ASSIGNED TASK:
Beginning with the line that includes "Just aft of" and ending with the last line, print the records exactly, leaving every picture out.

MATERIAL FOR THE TASK:
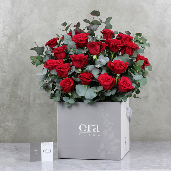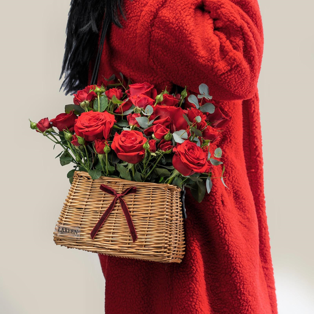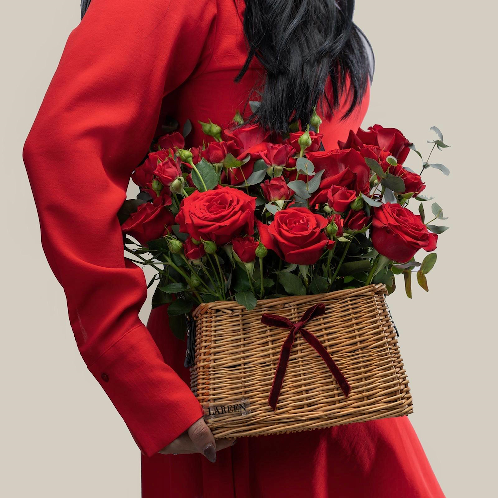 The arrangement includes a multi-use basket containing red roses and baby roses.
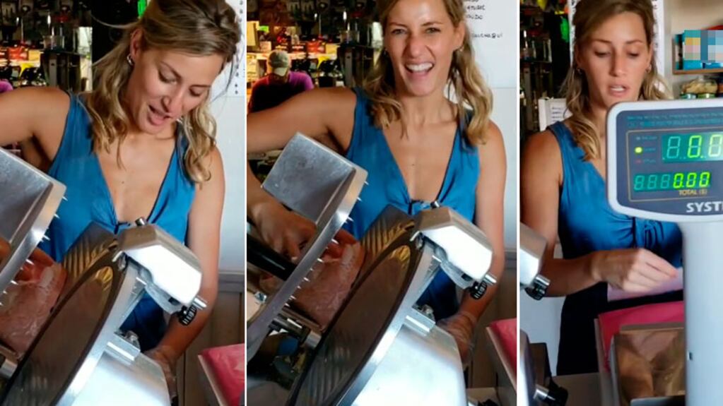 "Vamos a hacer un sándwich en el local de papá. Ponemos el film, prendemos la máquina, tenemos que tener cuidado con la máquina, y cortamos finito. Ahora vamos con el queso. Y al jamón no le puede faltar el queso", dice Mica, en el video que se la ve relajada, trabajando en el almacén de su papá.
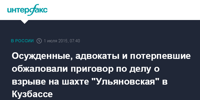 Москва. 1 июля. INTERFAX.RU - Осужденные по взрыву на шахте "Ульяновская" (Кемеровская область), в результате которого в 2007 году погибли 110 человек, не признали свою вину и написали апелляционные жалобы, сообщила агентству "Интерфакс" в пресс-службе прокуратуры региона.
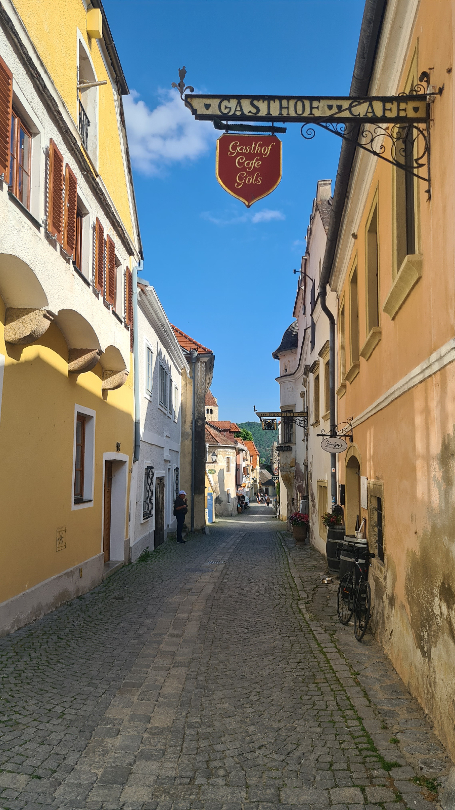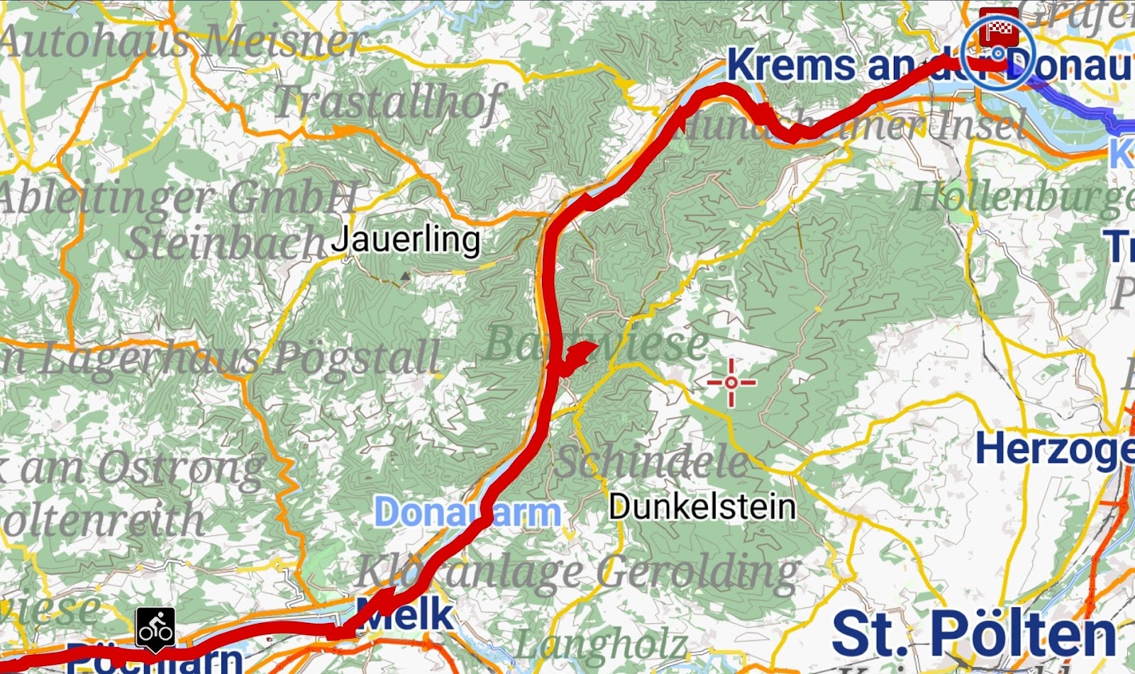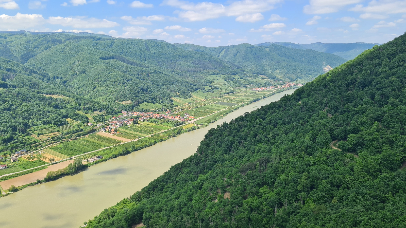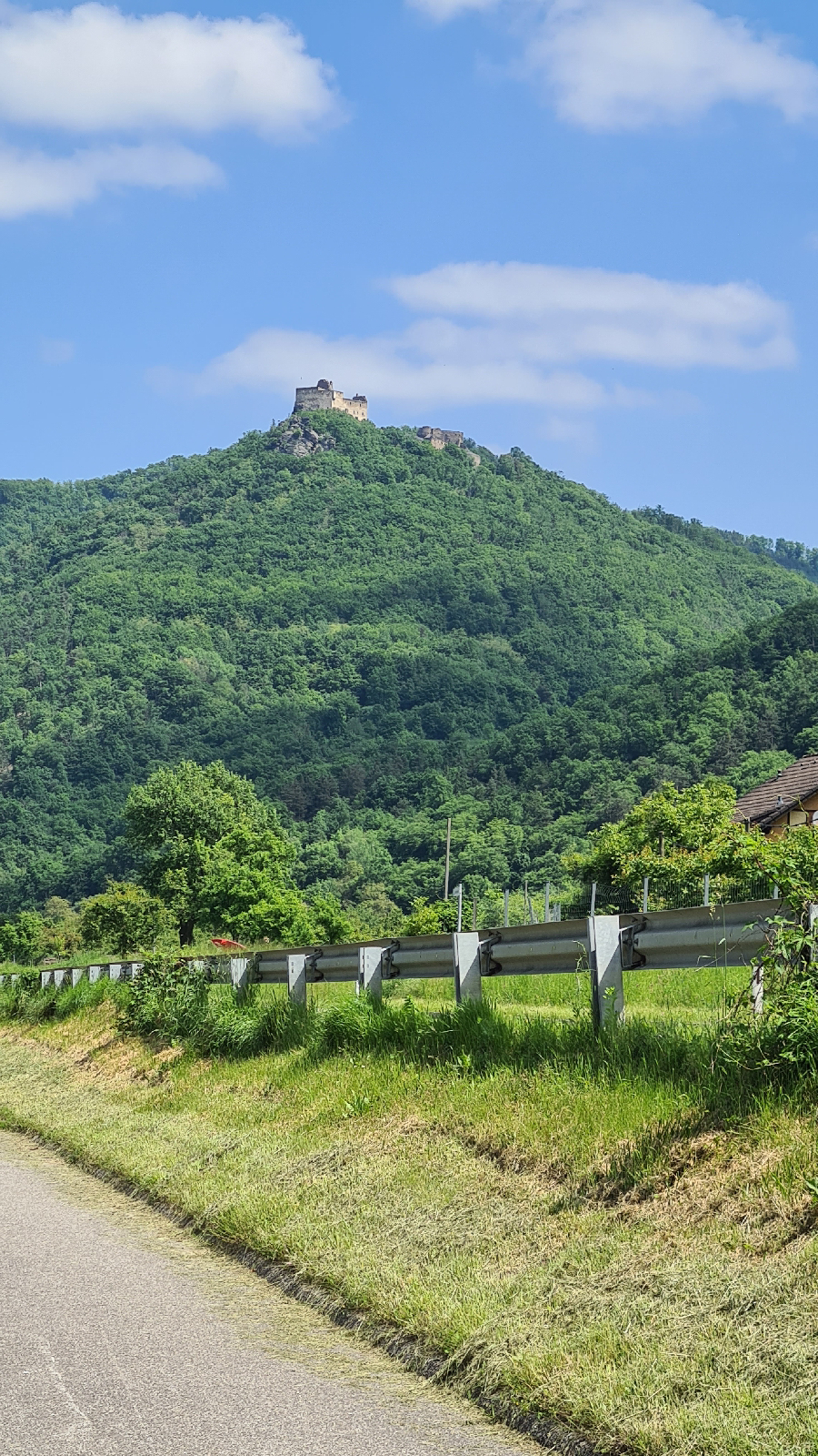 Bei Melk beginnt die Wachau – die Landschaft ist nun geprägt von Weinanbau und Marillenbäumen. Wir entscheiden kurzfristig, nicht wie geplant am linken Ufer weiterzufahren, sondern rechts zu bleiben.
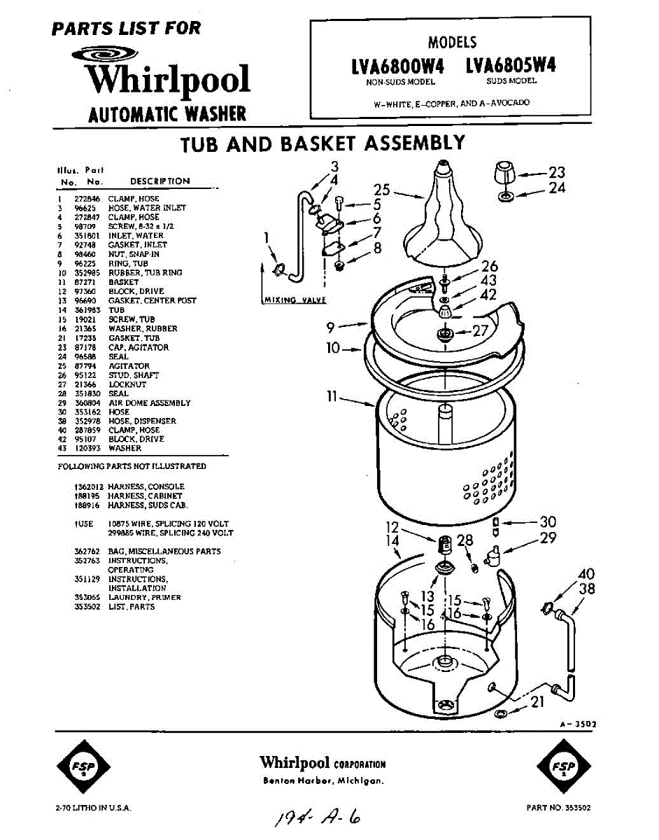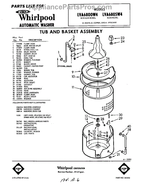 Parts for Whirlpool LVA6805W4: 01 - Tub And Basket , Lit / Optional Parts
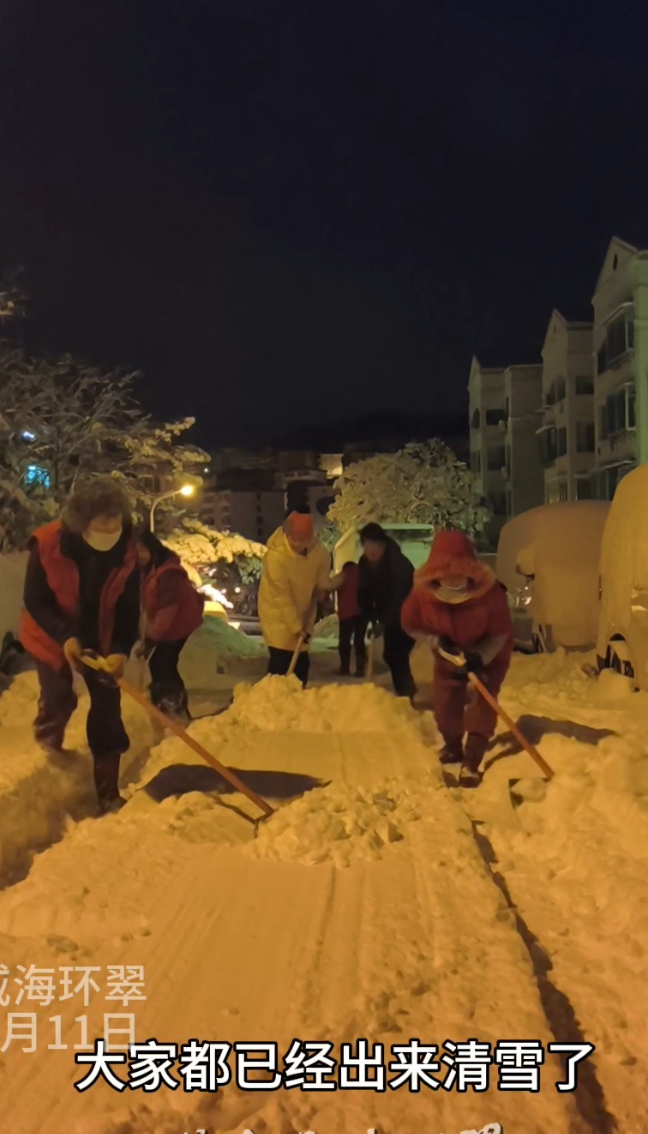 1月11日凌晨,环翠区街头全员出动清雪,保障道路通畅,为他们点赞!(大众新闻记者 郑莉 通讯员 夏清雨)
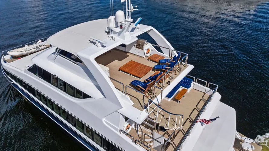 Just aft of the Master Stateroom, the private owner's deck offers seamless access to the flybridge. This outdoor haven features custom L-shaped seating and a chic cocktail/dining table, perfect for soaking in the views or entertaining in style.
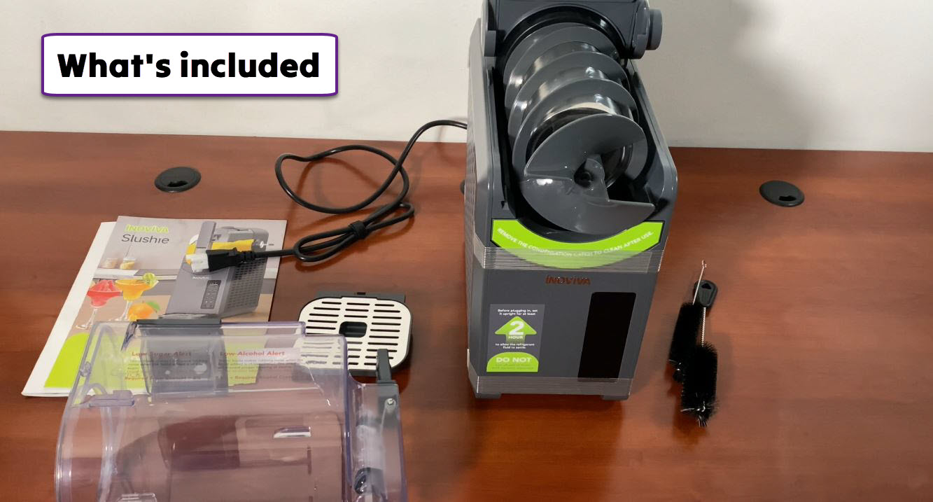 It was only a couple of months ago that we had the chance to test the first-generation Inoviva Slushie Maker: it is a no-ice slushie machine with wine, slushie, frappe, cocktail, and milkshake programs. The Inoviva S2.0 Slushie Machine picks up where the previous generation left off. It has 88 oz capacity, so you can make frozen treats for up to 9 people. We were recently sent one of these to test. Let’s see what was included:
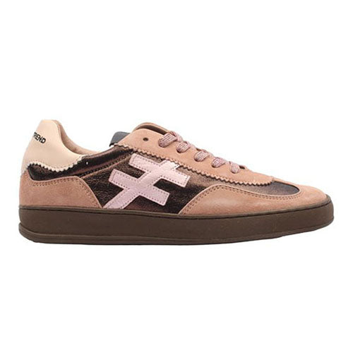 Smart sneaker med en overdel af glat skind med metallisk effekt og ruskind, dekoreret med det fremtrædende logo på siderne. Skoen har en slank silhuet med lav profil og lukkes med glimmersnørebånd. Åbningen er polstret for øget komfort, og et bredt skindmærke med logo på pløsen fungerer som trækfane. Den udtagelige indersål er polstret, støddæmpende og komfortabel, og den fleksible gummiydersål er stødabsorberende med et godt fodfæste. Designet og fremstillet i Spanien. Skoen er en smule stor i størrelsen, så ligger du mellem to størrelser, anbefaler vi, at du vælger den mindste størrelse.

ANSWER SPACE:
 Just aft of the Master Stateroom, the private owner's deck offers seamless access to the flybridge. This outdoor haven features custom L-shaped seating and a chic cocktail/dining table, perfect for soaking in the views or entertaining in style.
 It was only a couple of months ago that we had the chance to test the first-generation Inoviva Slushie Maker: it is a no-ice slushie machine with wine, slushie, frappe, cocktail, and milkshake programs. The Inoviva S2.0 Slushie Machine picks up where the previous generation left off. It has 88 oz capacity, so you can make frozen treats for up to 9 people. We were recently sent one of these to test. Let’s see what was included:
 Smart sneaker med en overdel af glat skind med metallisk effekt og ruskind, dekoreret med det fremtrædende logo på siderne. Skoen har en slank silhuet med lav profil og lukkes med glimmersnørebånd. Åbningen er polstret for øget komfort, og et bredt skindmærke med logo på pløsen fungerer som trækfane. Den udtagelige indersål er polstret, støddæmpende og komfortabel, og den fleksible gummiydersål er stødabsorberende med et godt fodfæste. Designet og fremstillet i Spanien. Skoen er en smule stor i størrelsen, så ligger du mellem to størrelser, anbefaler vi, at du vælger den mindste størrelse.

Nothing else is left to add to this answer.